EXERCISE DESCRIPTION:
Without including any pictures, give back all of the data exactly.

DATA PROVIDED:
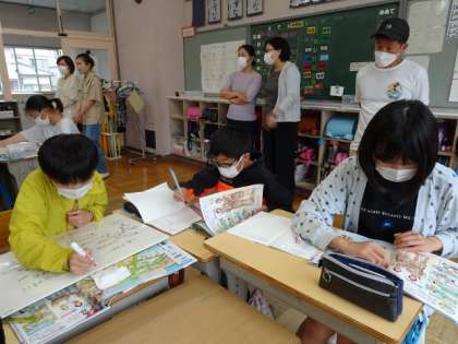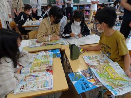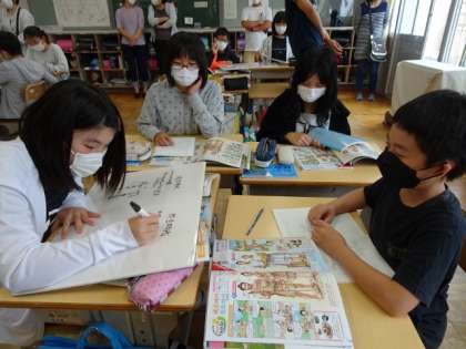 6年生は、社会の学習でした。 資料を見て、縄文時代と弥生時代を比べて話し合っていました。
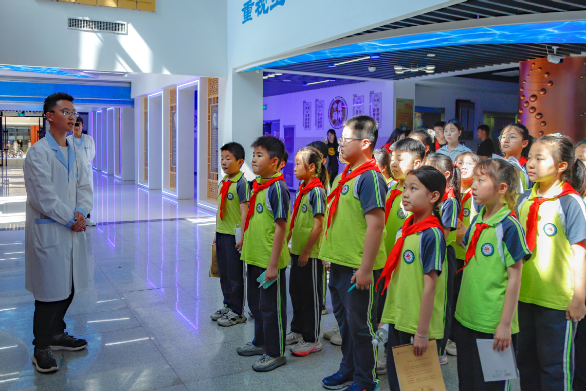生命科学馆内,学生讲解员们风趣的讲解让小学生们领略了生命科学的奥秘,学习了与人类生命相关的科学研究成果,深刻领会了劳动创造价值的内涵。
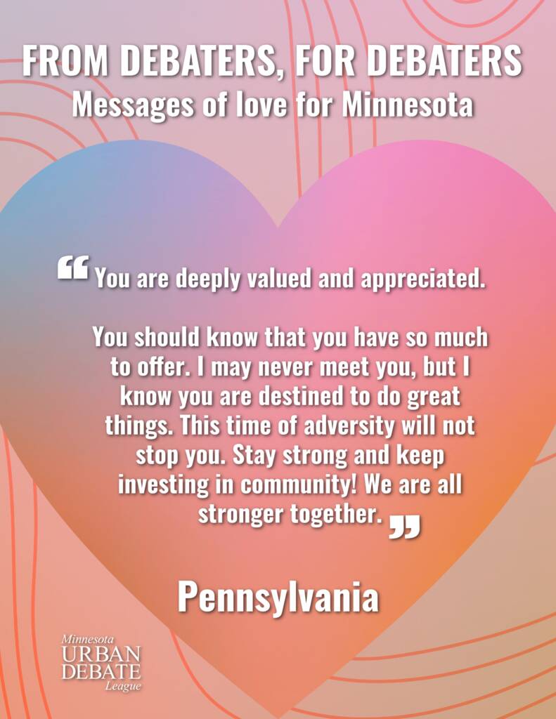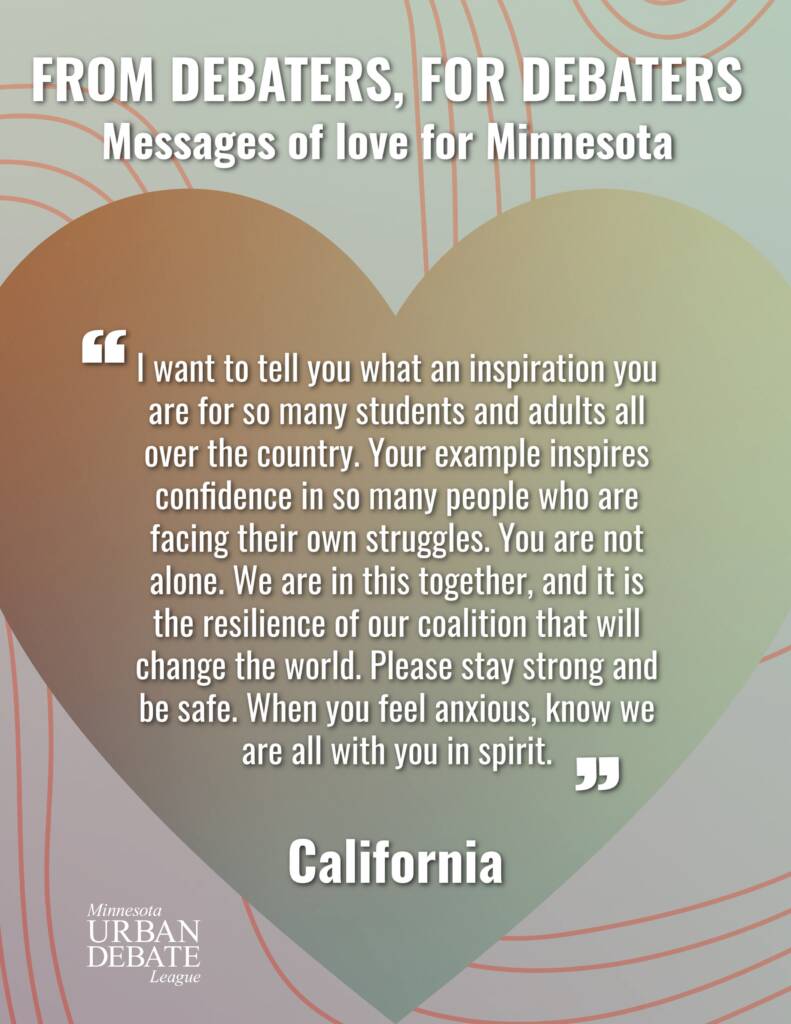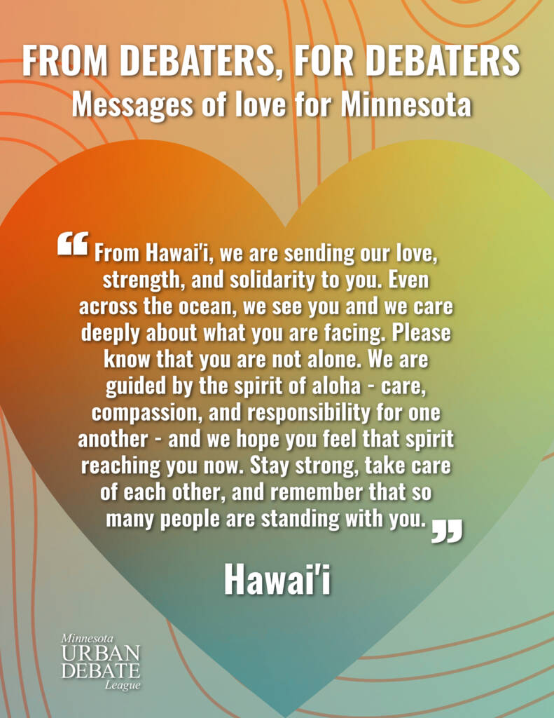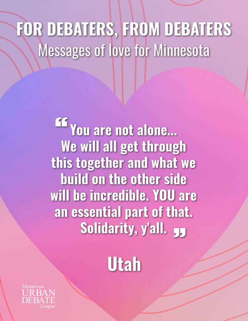 150 debate community members from across the United States sent messages of love and solidarity to our students. Coaches, debaters, volunteers, and alumni from nearly every state in the nation showed up for Minnesota. Donations are coming in keep virtual debate running and to make sure every student who couldn’t safely leave their home still felt seen, celebrated, and supported.

ANSWER SECTION:
 6年生は、社会の学習でした。 資料を見て、縄文時代と弥生時代を比べて話し合っていました。
生命科学馆内,学生讲解员们风趣的讲解让小学生们领略了生命科学的奥秘,学习了与人类生命相关的科学研究成果,深刻领会了劳动创造价值的内涵。
 150 debate community members from across the United States sent messages of love and solidarity to our students. Coaches, debaters, volunteers, and alumni from nearly every state in the nation showed up for Minnesota. Donations are coming in keep virtual debate running and to make sure every student who couldn’t safely leave their home still felt seen, celebrated, and supported.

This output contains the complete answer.